(Work to complete) Using the entries below, write out the line with "Yuren carbon steel", the line with "Start MetaMask and", and every line in between, exactly as each is written.

(Data to process)
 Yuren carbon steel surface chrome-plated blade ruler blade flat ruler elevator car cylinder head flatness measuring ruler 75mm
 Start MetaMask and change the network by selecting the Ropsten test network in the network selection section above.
--
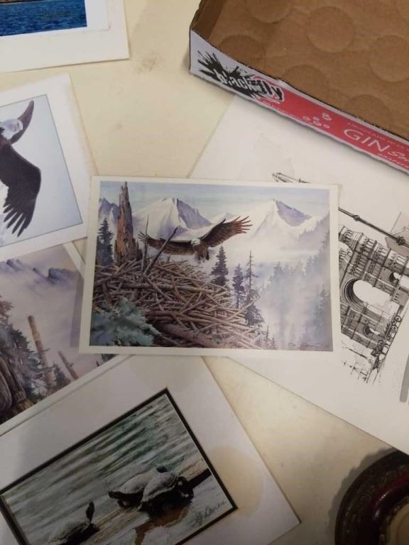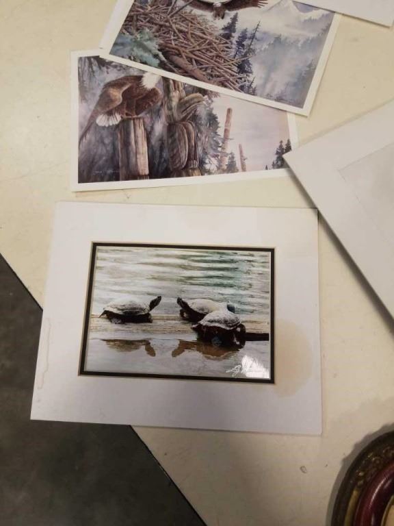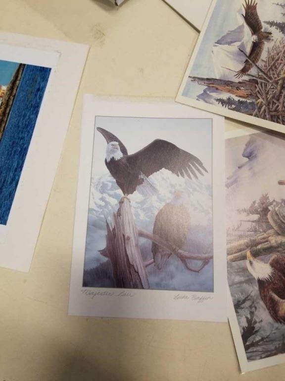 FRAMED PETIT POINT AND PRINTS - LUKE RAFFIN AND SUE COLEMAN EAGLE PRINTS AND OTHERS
---
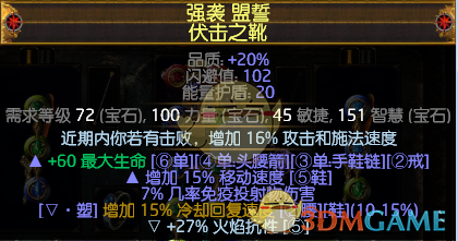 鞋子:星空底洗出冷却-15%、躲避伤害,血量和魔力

(Task result)
 Yuren carbon steel surface chrome-plated blade ruler blade flat ruler elevator car cylinder head flatness measuring ruler 75mm
 Start MetaMask and change the network by selecting the Ropsten test network in the network selection section above.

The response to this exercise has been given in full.